子供らしくなんて言う気はないけど、女の子が無茶をしないで危険なことには近づかないでよって言われているのよ。
でも自分から危険に近づいたことは一度もないのよ?
いつも向こうが近付いてくるんだけどな。
翌朝、朝食のために食堂に集まった時には、バイロンさん一家はすっかり打ち解けた雰囲気になっていた。
協力してすることが出来たからというのもあるし、アシュベリーに対して私たちが本気で怒っていたのを見て、信用してもらえるようになったのもあるんじゃないかしら?
あの騒ぎのあと、お父様はすぐにフェネリー伯爵家に向かい、事情を説明して魔道具を山ほどもらって、それを設置するための人員まで連れて帰ってきた。
すでにバイロンさんが商会の人やうちの警護の魔道士を連れてアシュベリー子爵家に乗り込み、アシュベリーを書斎に、ぎゃあぎゃあ喚いてうるさい夫人を私室に閉じ込めていたので、外に出られないように扉にも窓にも魔道具を設置してきたんですって。
フェネリーの大伯父様は、ギルモアに話す前にフェネリー伯爵家を頼ったことが嬉しかったらしくて、何人も人を寄越してくれたの。
おかげでさっそく今日からアシュベリーの領地に移動して、あちらの屋敷に魔道具を設置できるそうよ。
急に引っ越すことになって、お嬢さん方はびっくりしたでしょうね。
「娘さんたちは指示しないと自分では何も決められないようだ。

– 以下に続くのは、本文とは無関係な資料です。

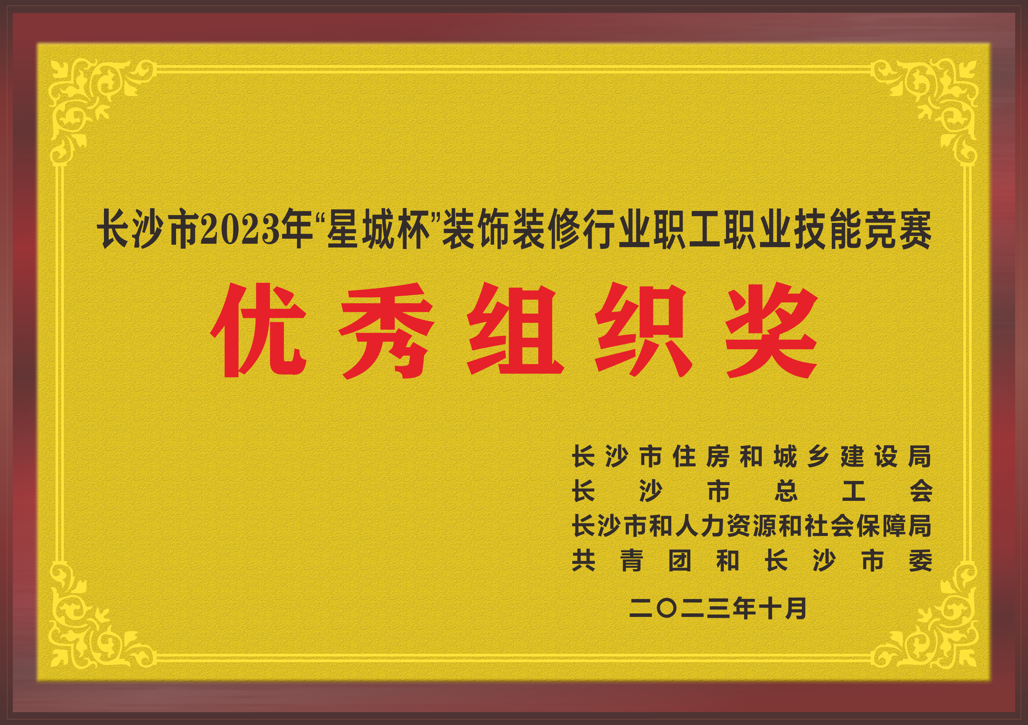 長沙市2023年“星城杯”裝飾裝修行業(yè)職工職業(yè)技能競賽中榮獲優(yōu)秀組織獎(jiǎng)和重大活動(dòng)支持先進(jìn)單位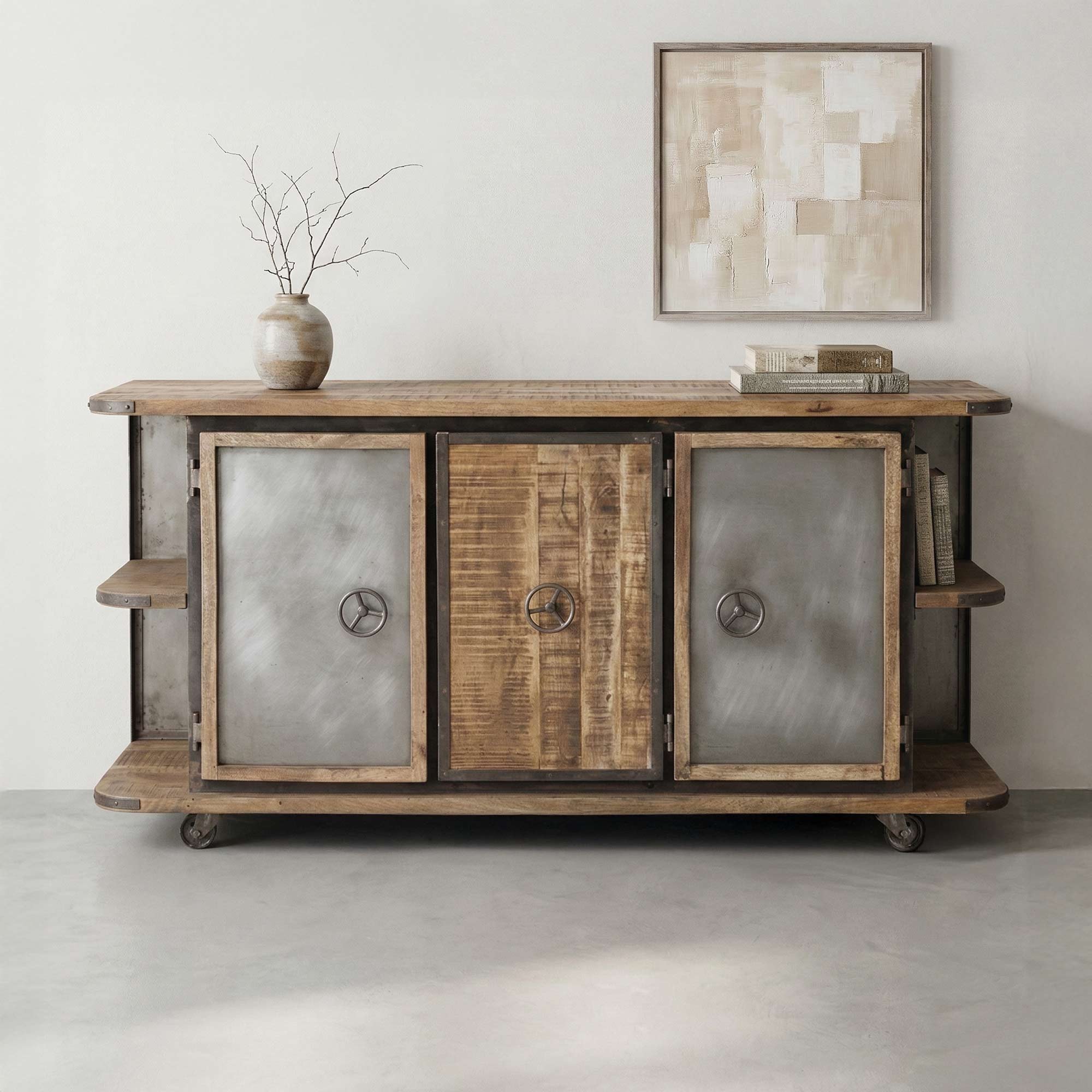 Diese Anrichte besteht aus Mangoholz und Metall in natürlicher Ausführung und wird bei Ihnen zu Hause einen Ehrenplatz finden!

両親が部屋から出られないと聞いても、嬉しそうでもなく心配している様子もなく、ただ頷いているだけだった」
バイロンさんの話を聞いて気持ちが沈んでしまったわ。
ずっと親に命令されて生きてきて、逆らうことも自分で決めることも経験がないせいで、どうすればいいのかわからないんだ。
話を聞いていたユーインが、自分の皿に乗せようとしていたパンをそっと元の皿に戻すのをしっかり見てしまった。
あなたが気にすることじゃないでしょう。
「ユーイン、ちゃんと食べないと」
私が注意したので、みんなが驚いた顔でユーインに注目した。
「どうかしたのか?」
「体調が悪いの?」
ほら、バイロンさんとフィオナさんが心配しちゃっているじゃない。
「いや、もうけっこう食べたよ」
そんなことはないでしょう。
朝だから、ソーセージやベーコンとスクランブルエッグに、サラダやフルーツが用意されているだけよ?
育ち盛りの男の子は、もっと食べなくちゃ。
「パンを全種類一個ずつは食べてもらわなくちゃ」
「六種類もあるのにか?」
お客様がいるから、料理長がはりきったんでしょうね。
フルーツも盛り合わせになっていて、かなり豪華よ。
なんならデザートにババロアもあるわ。
「婿養子を見つけてあとはまかせればいいという簡単な話ではないかもしれないな。本当に乗っ取られて、娘たちまで追い出されてしまうかもしれない」
「そこまで俺たちが心配しなくてはいけないのか?」
「そういうことでもないんだが」
お父様とバイロンさんが同時に私のほうを見た。
つまり私が娘さんのことが気になると言ったから、彼女たちの婿養子探しをしようって流れにはなったけど、本当は乗り気ではないってことね。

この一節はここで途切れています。